Note also that the coordinate expression at a point \(p\) only depends on the value \(X_p\) of \(X\) at \(p\):
\[\nabla_XY\rvert_p = \left(X_p(Y^k) + X^i(p)Y^j(p)\Gamma^k_{ij}(p)\right)\frac{\partial}{\partial x^k}\bigg\rvert_p.\]
Thus, it is possible to define the covariant derivative \(\nabla_vY\rvert_p\) of a vector field \(Y\) along a tangent vector \(v\) at the point \(p\) as \(\nabla_XY\rvert_p\) where \(X\) is any vector field such that \(X_p = v\) defined in some neighborhood of \(p\). In coordinates, we need not even specify the vector field \(X\), since all that matters is the vector \(v\), so we can simply write
\[\nabla_vY\rvert_p = \left(v(Y^k) + v^iY^j(p)\Gamma^k_{ij}(p)\right)\frac{\partial}{\partial x^k}\bigg\rvert_p,\]

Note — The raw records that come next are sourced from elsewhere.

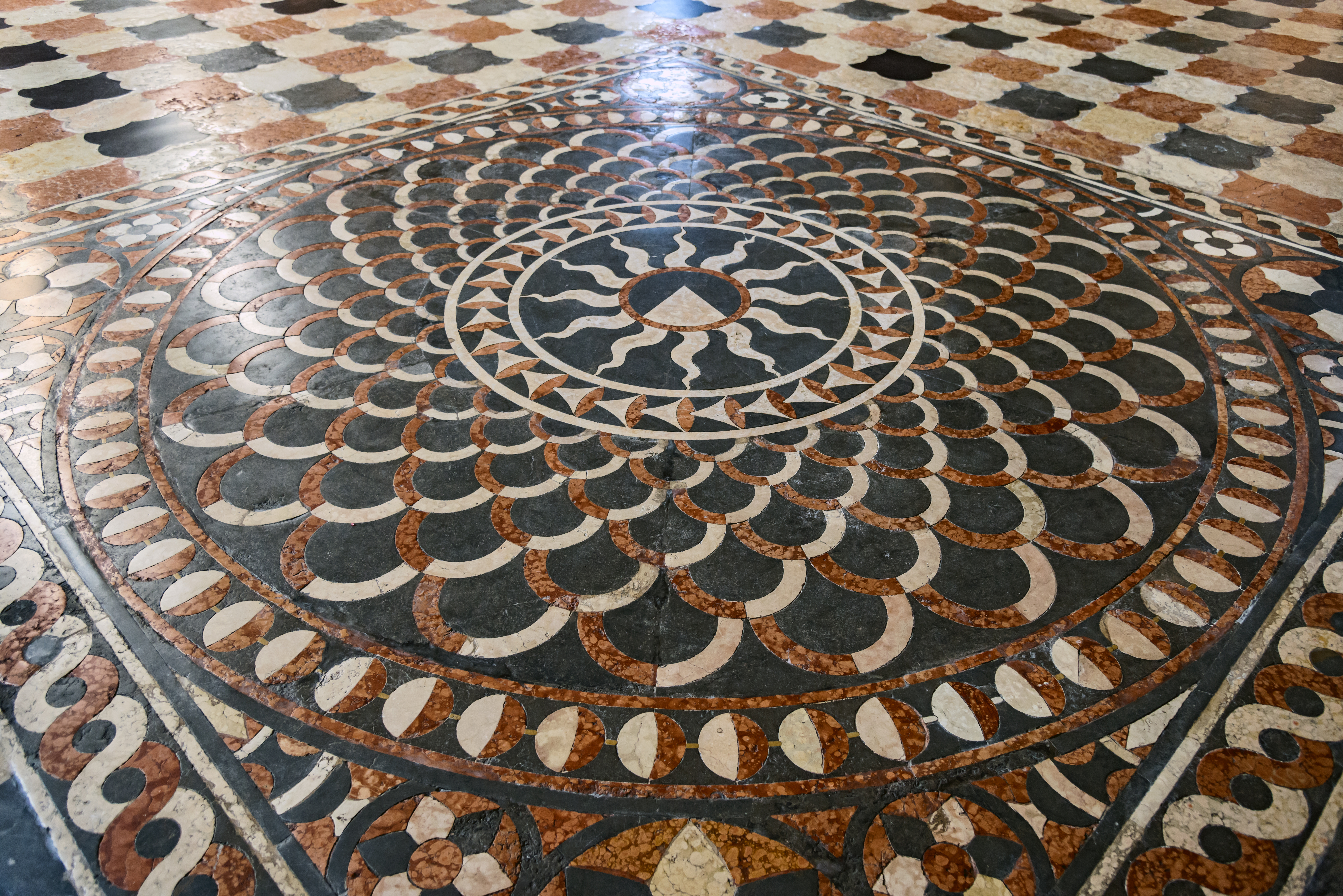 Basilica Santa Anastasia. The floor was started in 1462 in black and white, reminiscent of the colors of the robes of Dominican friars, and red for the blood of the martyr Peter of Verona. In the nave front of the choir, a rose is observed with the center arms of the Dominicans.
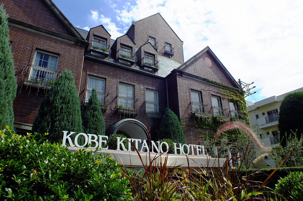 神戸北野ホテル Kobe kitano hotel 2017年9月30日、9:27
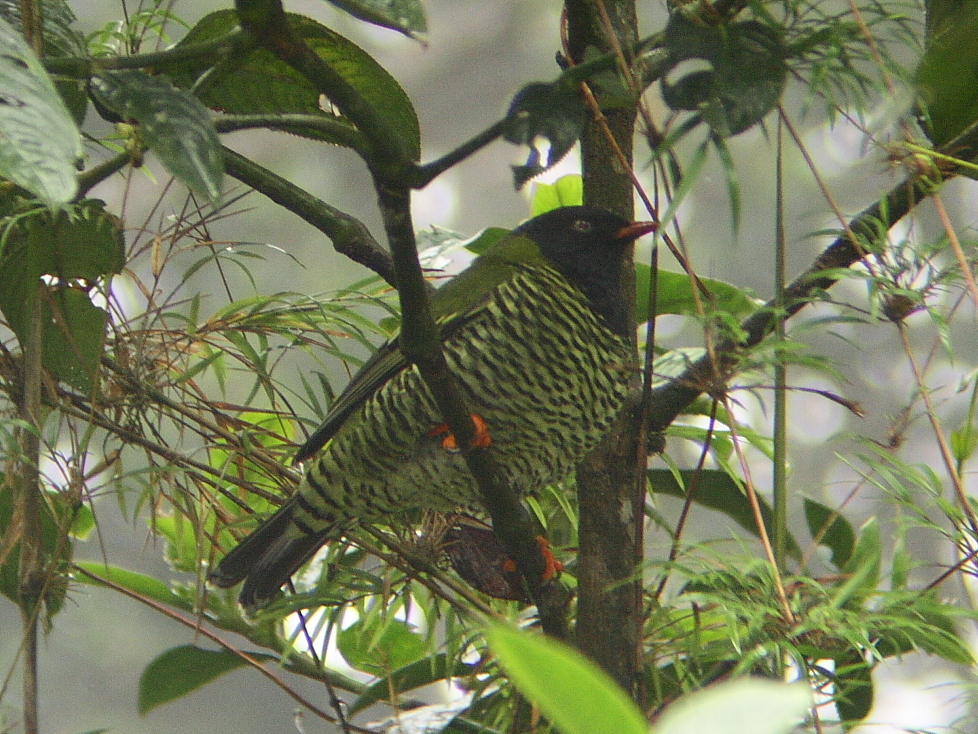 Barred Fruiteater
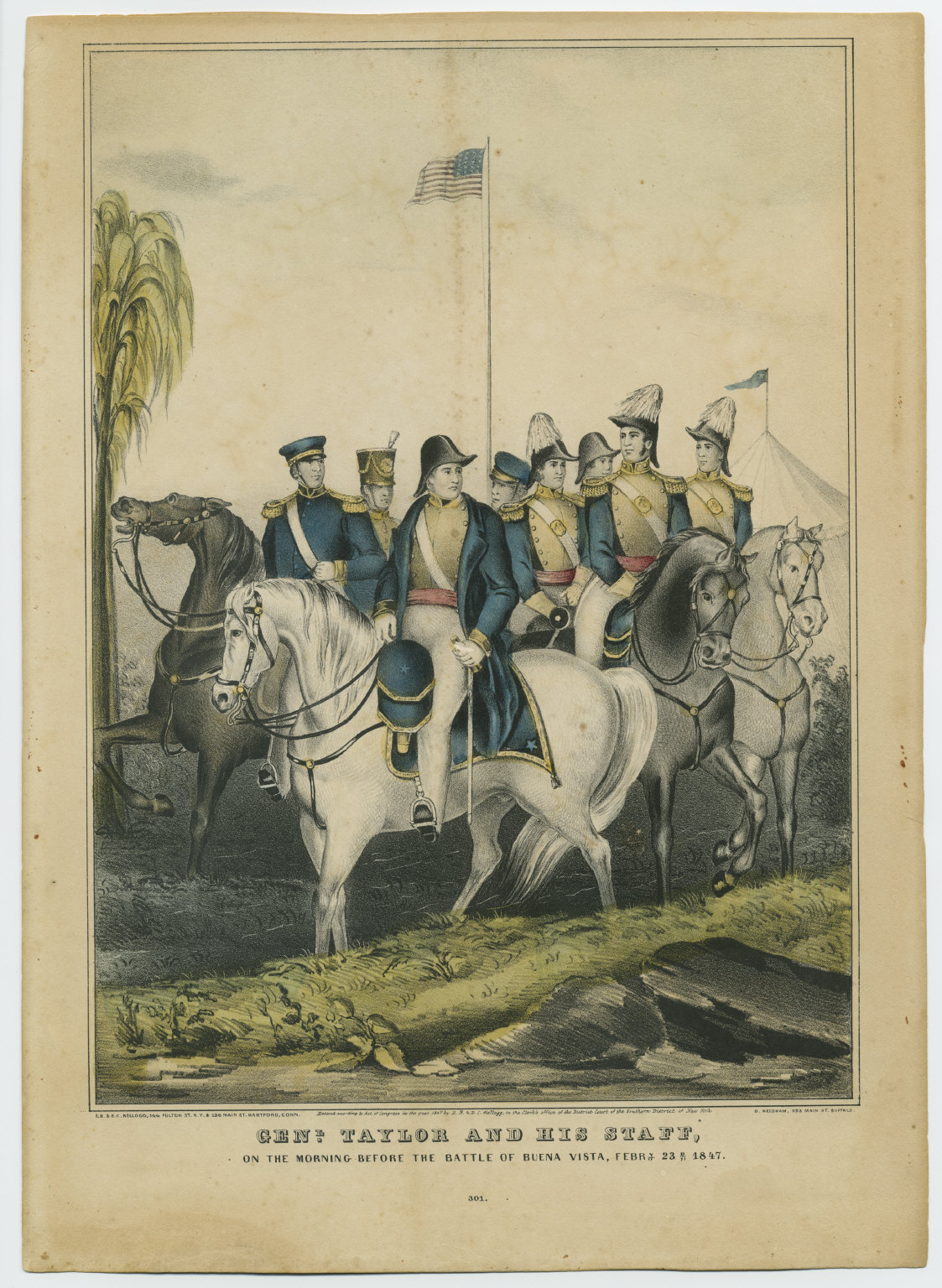 Collection: Cornell University Collection of Political Americana, Cornell University Library Repository: Susan H. Douglas Political Americana Collection, #2214 Rare & Manuscript Collections, Cornell University Library, Cornell University Title: Genl. Taylor and His Staff on the Morning Before the Battle of Buena Vista Political Party: Whig Election Year: 1848 Date Made: 1847 Measurement: Print: 14 x 10 in.; 35.56 x 25.4 cm Classification: Prints Persistent URI: There are no known U.S. copyright restrictions on this image. The digital file is owned by the Cornell University Library which is making it freely available with the request that, when possible, the Library be credited as its source.
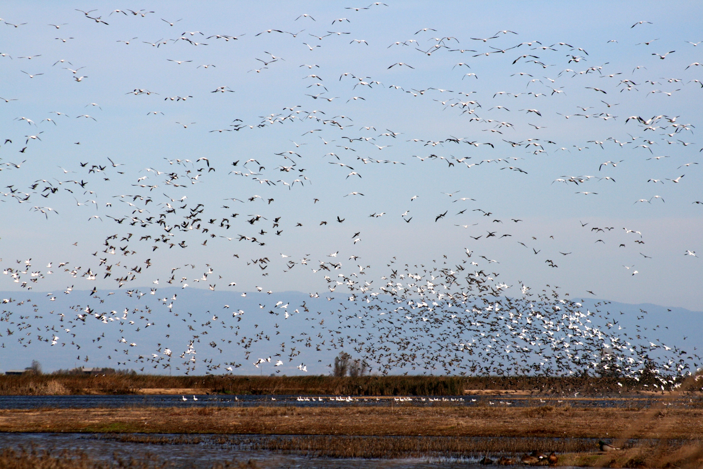 Snow geese, Anser caerulescens and ducks at Sacramento National Wildlife Refuge
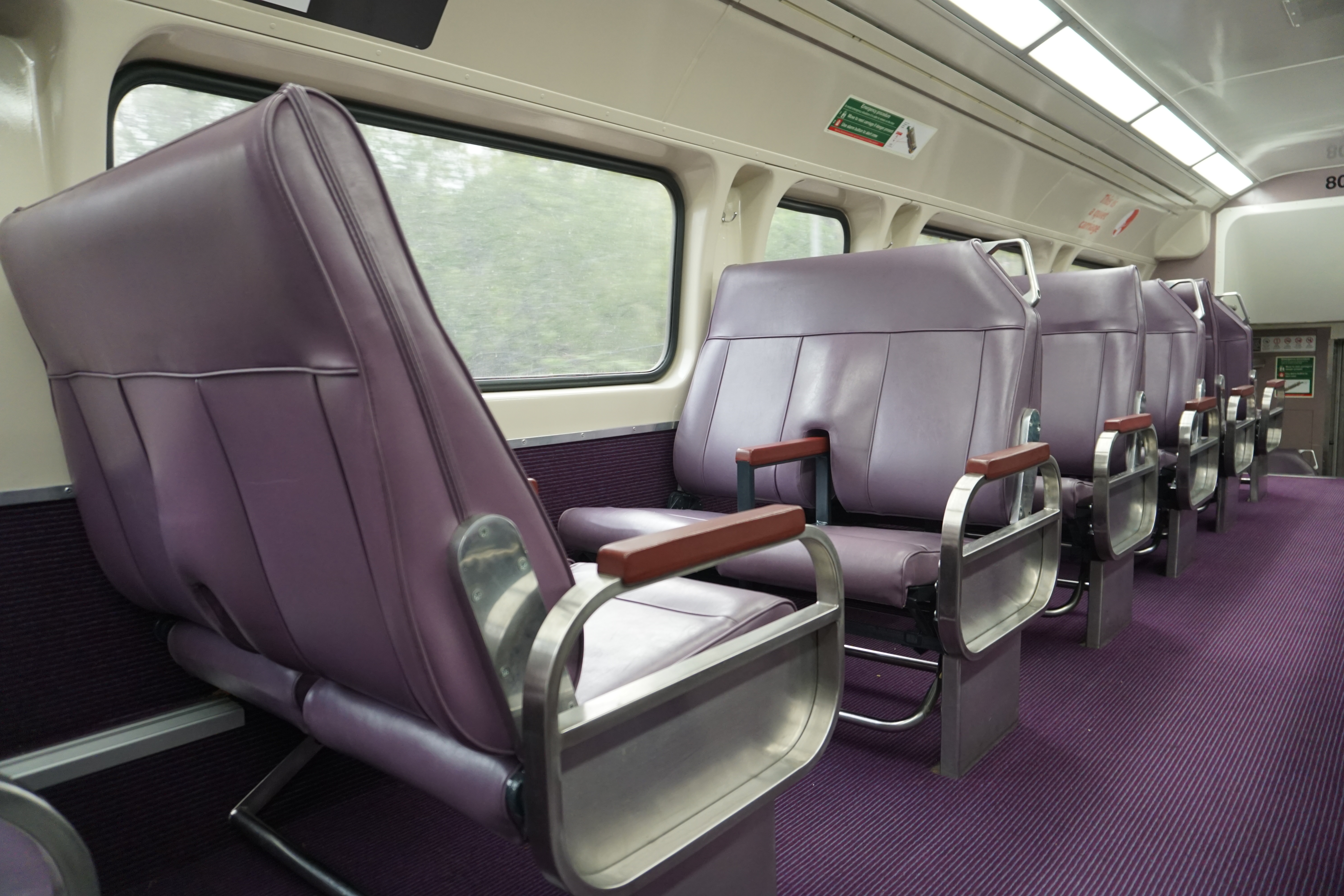 NSW Trainlink V Set Interior
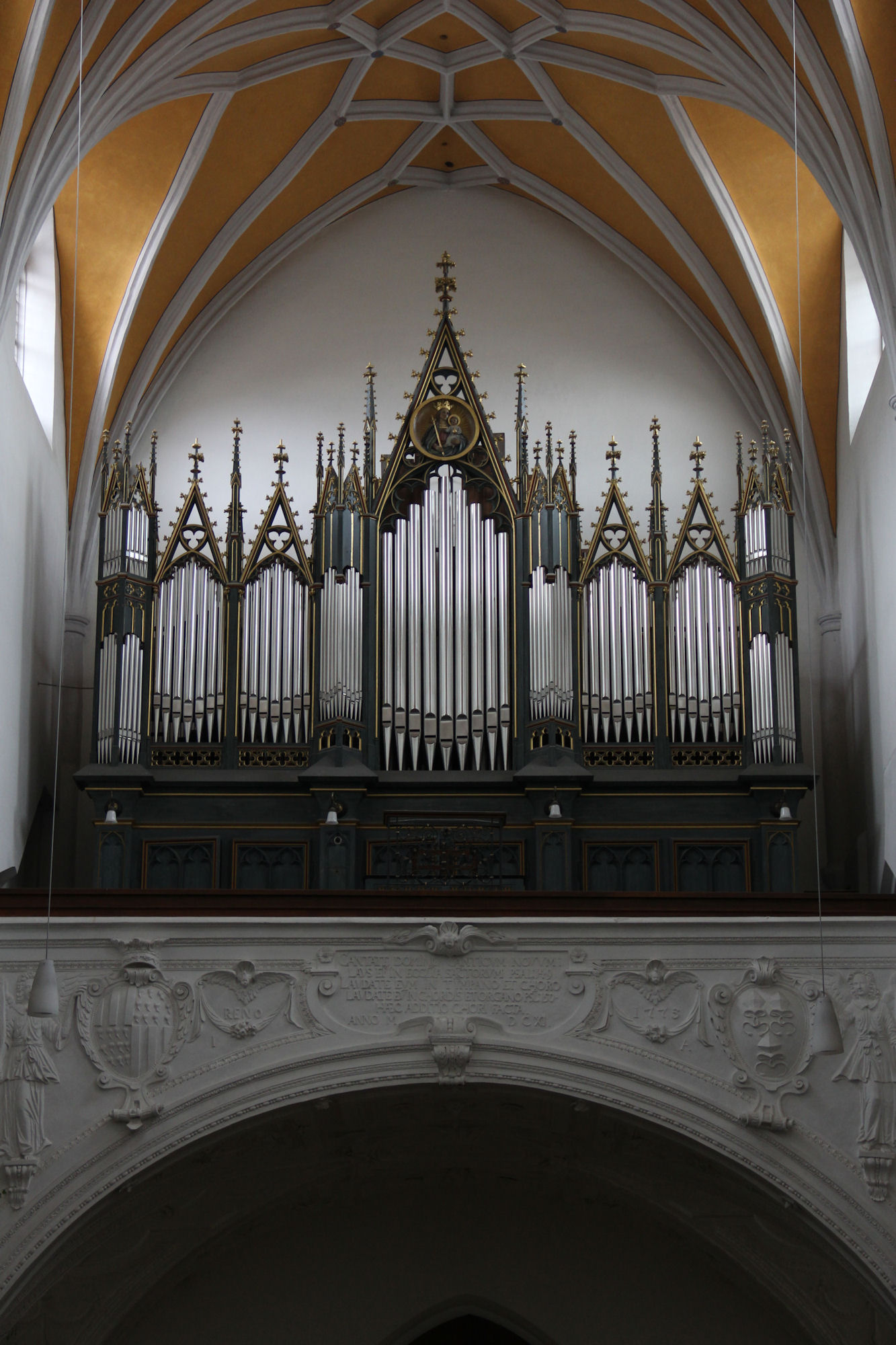 Church of St. Jodok Native nameSt. JodokLocationLandshut, Lower Bavaria, GermanyCoordinates48° 32′ 10.8″ N, 12° 09′ 27.6″ E

where \(v^i\) is the \(i\)-th coordinate for \(v\), i.e. \(v = v^i(\partial/\partial x^i)\rvert_p\) (and \(X^i(p) = v^i\) since \(X_p = v\) and \(X_p = X^i(p)(\partial/\partial x^i)\rvert_p\)).
Symmetric Connections
Recall that the Lie bracket of vector fields is defined as
\[[X,Y]f = XYf - YXf\]
and has coordinate expression
\[[X,Y] = X(Y^j) \frac{\partial}{\partial x^j} - Y(X^j)\frac{\partial}{\partial x^j}.\]
It can be shown that the Lie derivative coincides with the Lie bracket, i.e.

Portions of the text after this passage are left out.